* Input data
------
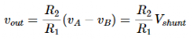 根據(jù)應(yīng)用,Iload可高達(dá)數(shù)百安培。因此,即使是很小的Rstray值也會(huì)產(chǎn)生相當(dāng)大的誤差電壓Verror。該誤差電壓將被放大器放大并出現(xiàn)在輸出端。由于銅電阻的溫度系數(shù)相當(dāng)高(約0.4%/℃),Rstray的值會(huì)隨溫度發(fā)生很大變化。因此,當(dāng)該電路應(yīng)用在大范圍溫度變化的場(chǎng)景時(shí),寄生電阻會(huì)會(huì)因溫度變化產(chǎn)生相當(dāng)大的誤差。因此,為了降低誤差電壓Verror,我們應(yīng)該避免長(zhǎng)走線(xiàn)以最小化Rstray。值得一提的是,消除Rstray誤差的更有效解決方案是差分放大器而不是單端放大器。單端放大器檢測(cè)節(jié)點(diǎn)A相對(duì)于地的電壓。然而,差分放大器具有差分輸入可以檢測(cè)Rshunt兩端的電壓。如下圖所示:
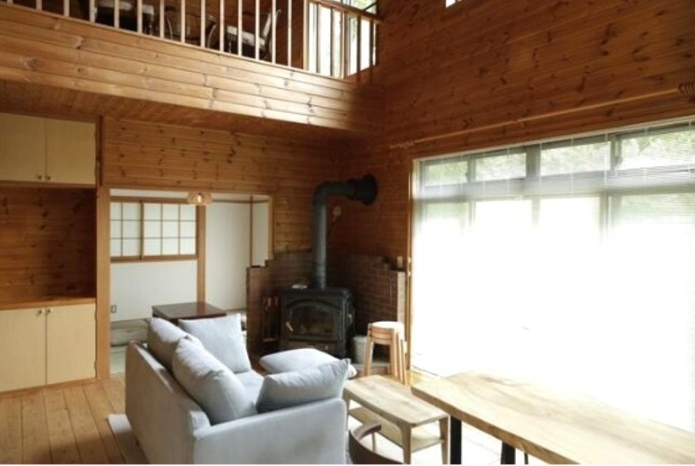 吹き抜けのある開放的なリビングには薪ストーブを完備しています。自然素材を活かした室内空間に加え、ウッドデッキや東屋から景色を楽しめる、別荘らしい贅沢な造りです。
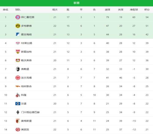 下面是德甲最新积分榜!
------
Reproduce the material word for word. Any pictures should be left out of the copy.

* Written reply
 根據(jù)應(yīng)用,Iload可高達(dá)數(shù)百安培。因此,即使是很小的Rstray值也會(huì)產(chǎn)生相當(dāng)大的誤差電壓Verror。該誤差電壓將被放大器放大并出現(xiàn)在輸出端。由于銅電阻的溫度系數(shù)相當(dāng)高(約0.4%/℃),Rstray的值會(huì)隨溫度發(fā)生很大變化。因此,當(dāng)該電路應(yīng)用在大范圍溫度變化的場(chǎng)景時(shí),寄生電阻會(huì)會(huì)因溫度變化產(chǎn)生相當(dāng)大的誤差。因此,為了降低誤差電壓Verror,我們應(yīng)該避免長(zhǎng)走線(xiàn)以最小化Rstray。值得一提的是,消除Rstray誤差的更有效解決方案是差分放大器而不是單端放大器。單端放大器檢測(cè)節(jié)點(diǎn)A相對(duì)于地的電壓。然而,差分放大器具有差分輸入可以檢測(cè)Rshunt兩端的電壓。如下圖所示:
 吹き抜けのある開放的なリビングには薪ストーブを完備しています。自然素材を活かした室内空間に加え、ウッドデッキや東屋から景色を楽しめる、別荘らしい贅沢な造りです。
 下面是德甲最新积分榜!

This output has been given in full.